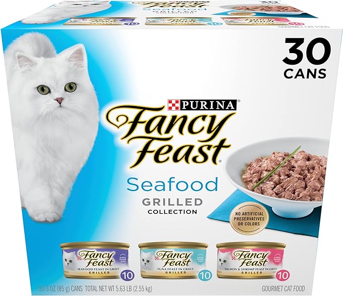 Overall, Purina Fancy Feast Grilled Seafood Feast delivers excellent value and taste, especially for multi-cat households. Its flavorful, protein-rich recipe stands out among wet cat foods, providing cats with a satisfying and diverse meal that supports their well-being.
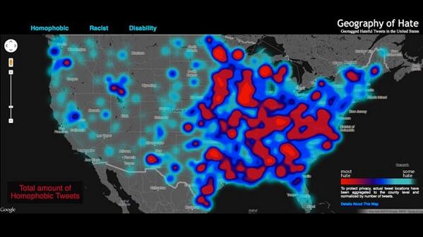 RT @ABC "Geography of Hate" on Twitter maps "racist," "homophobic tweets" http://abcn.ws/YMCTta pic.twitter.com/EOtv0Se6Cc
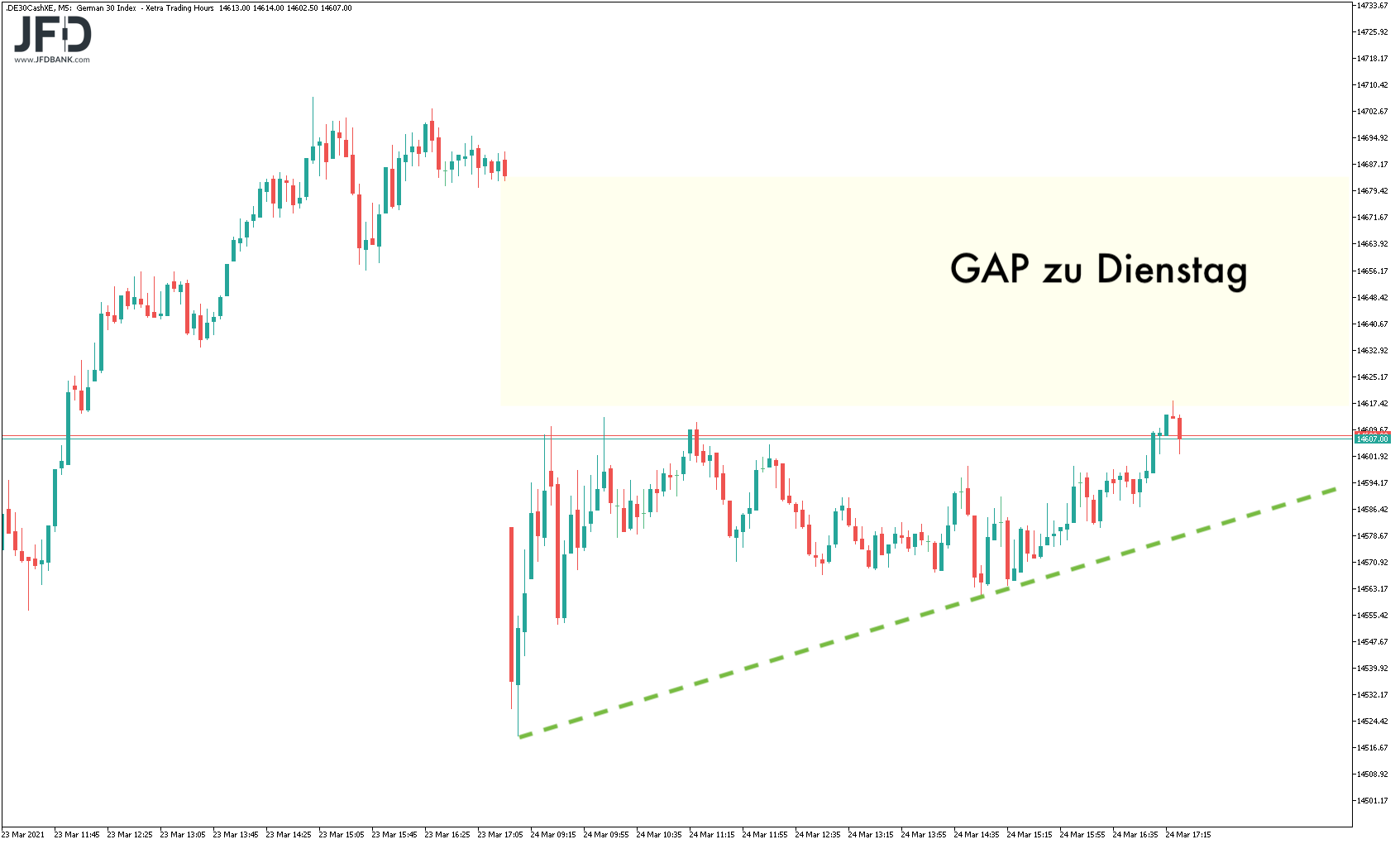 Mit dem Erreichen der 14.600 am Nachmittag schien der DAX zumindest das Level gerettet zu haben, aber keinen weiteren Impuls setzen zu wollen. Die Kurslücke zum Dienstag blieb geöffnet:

★ ★ ★

## ACTIVITY
Copy out exactly the lines from the one with "on Twitter maps" through the end of the listing, both ends included, omitting any picture.

## EXERCISE RESPONSE
 RT @ABC "Geography of Hate" on Twitter maps "racist," "homophobic tweets" http://abcn.ws/YMCTta pic.twitter.com/EOtv0Se6Cc
 Mit dem Erreichen der 14.600 am Nachmittag schien der DAX zumindest das Level gerettet zu haben, aber keinen weiteren Impuls setzen zu wollen. Die Kurslücke zum Dienstag blieb geöffnet:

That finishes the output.